Back in 2013, when Washington State’s anti-gun groups rolled out Initiative 594, they promised voters this “universal background check” law would save lives by keeping “firearms out of dangerous hands” because private gun sales would be subjected to a NICS check done through a licensed dealer. Prior to the enactment of the law, representatives of the Washington Alliance for Gun Responsibility, the main proponent of 594, disingenuously described the measure as a “common sense” law that “simply applies the current system of background checks to all sales.” 

The NRA opposed this “deeply flawed” initiative because of the not-so-fine print. 

By regulating all firearm “transfers” as well as “sales,” the initiative law treats gifts, loans and other temporary changes in the possession of a gun as the equivalent of a sale. Only some kinds of “transfers” are specifically exempted from the background check process, including a “bona fide gift” (but not a loan) between a parent and child, and a temporary loan to prevent “imminent death or great bodily harm.” 

Such transfers, though, are legally exempted only if the duration is restricted to “as long as immediately necessary to prevent such imminent death or great bodily harm.” Otherwise, these loans, like other “transfers,” must first be brokered through a licensed gun dealer, and require a background check, fee, government paperwork and tax, and, in the case of a handgun, state registration. Persons who rely on the exemptions have the burden of proving these as an affirmative defense at their trial, and those who fail to comply with the background check requirements face criminal penalties, including potential jail time;

These unnecessary prohibitions on family members sharing guns, and similar shortcomings in this law, were disparaged as “one-in-a-million” “extreme hypothetical examples” by the citizen sponsor of 594; as “absurd hypotheticals” by another supporter, and another proponent described the restrictions as just an “inconvenience for law-abiding gun owners.”

Life often imitates art, and like Kevin McCallister in Hollywood’s Home Alone movie, teenager Kimber Wood found herself living one of these ridiculously unimaginable hypotheticals this week. According to news reports, Wood’s boyfriend had called to warn her that sheriff deputies were looking for a suspected car thief who had escaped in the area. Ms. Wood phoned her father at work to ask if she could borrow one of his guns. He agreed, so she retrieved a handgun and went back to sleep. Waking up to find the suspect in the room with her, she was able to stop him in his tracks and make him leave by pointing her gun at him. (He fled, but not, apparently, without helping himself to the boyfriend’s ATV). 
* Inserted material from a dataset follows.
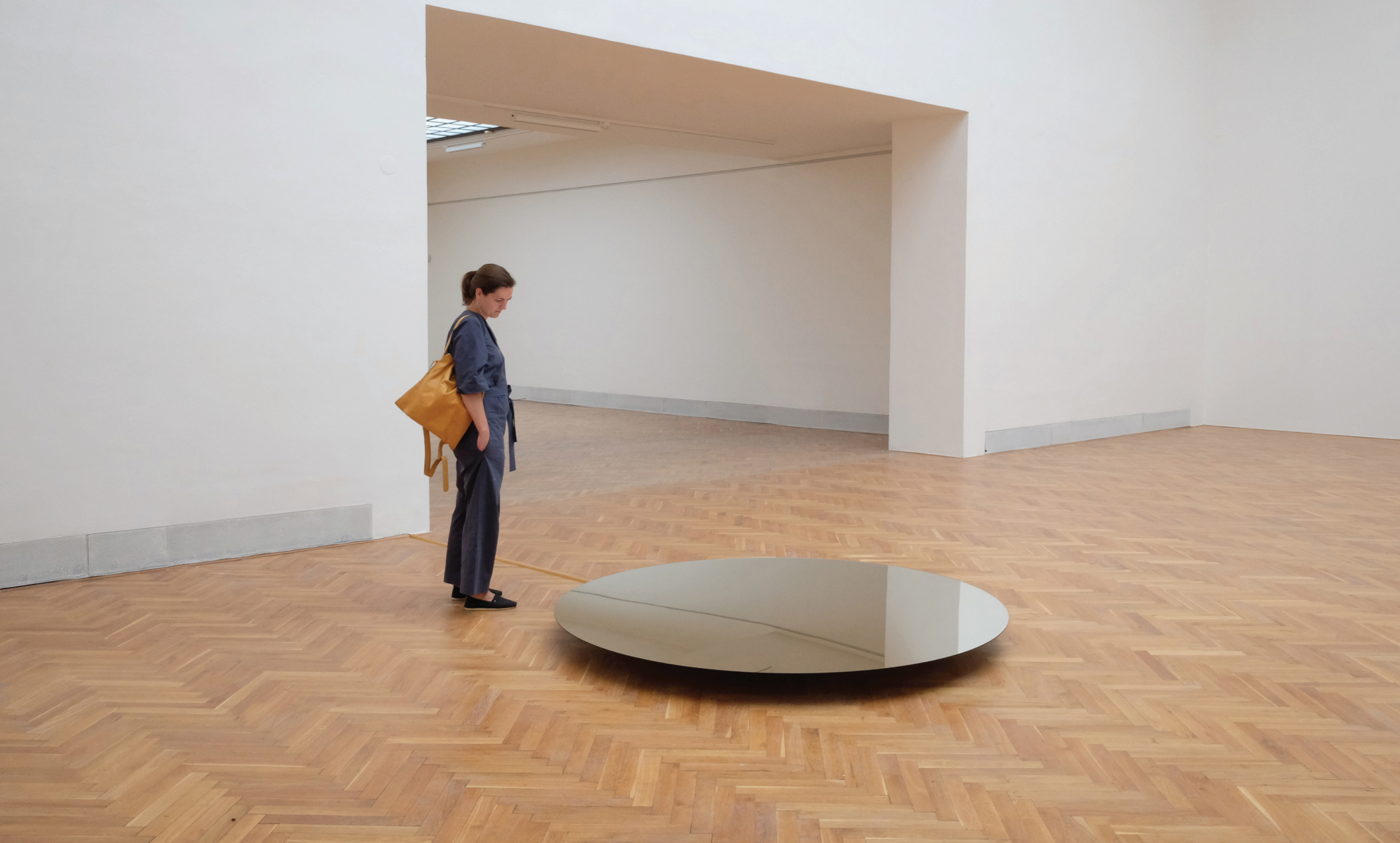
Rotating Circular Mirror, 200 cm diameter mirror, electric motor, 2012-2020

The United States Supreme Court ruled in District of Columbia v. Heller that the core protection of the Second Amendment is the possession of firearms for self-defense in the home. Under Washington’s bizarre background check law, however, a father who wants to give his daughter a loaner gun for self-defense in the home must wait until it’s clear that there’s a serious and “imminent” threat to his child, and the gun transfer is “immediately necessary” (which should exempt the transfer from the background check law, but might not be quick enough to prevent harm), or undergo the background check process. Moreover, federal law prohibits licensed dealers from transferring handguns to persons under the age of 21, and long guns to persons under the age of 18. Because Washington’s law requires a licensed dealer to treat a private transfer as if it is a sale out of the dealer’s own inventory and follow all applicable federal laws, the result is that, unless some other exception applies, a parent cannot loan a long gun to a child aged less than 18 or a handgun to a child aged under 21.

Self-defense isn’t just a cute Hollywood plot line, and not all criminals are comical bandits who can be outwitted by children. For many Americans, there isn’t anything hypothetical about having to protect themselves while home alone. To quote Kevin McCallister, “This is my house, I have to defend it.”  We can hope that nobody in the Wood family is charged with a crime and all remains well.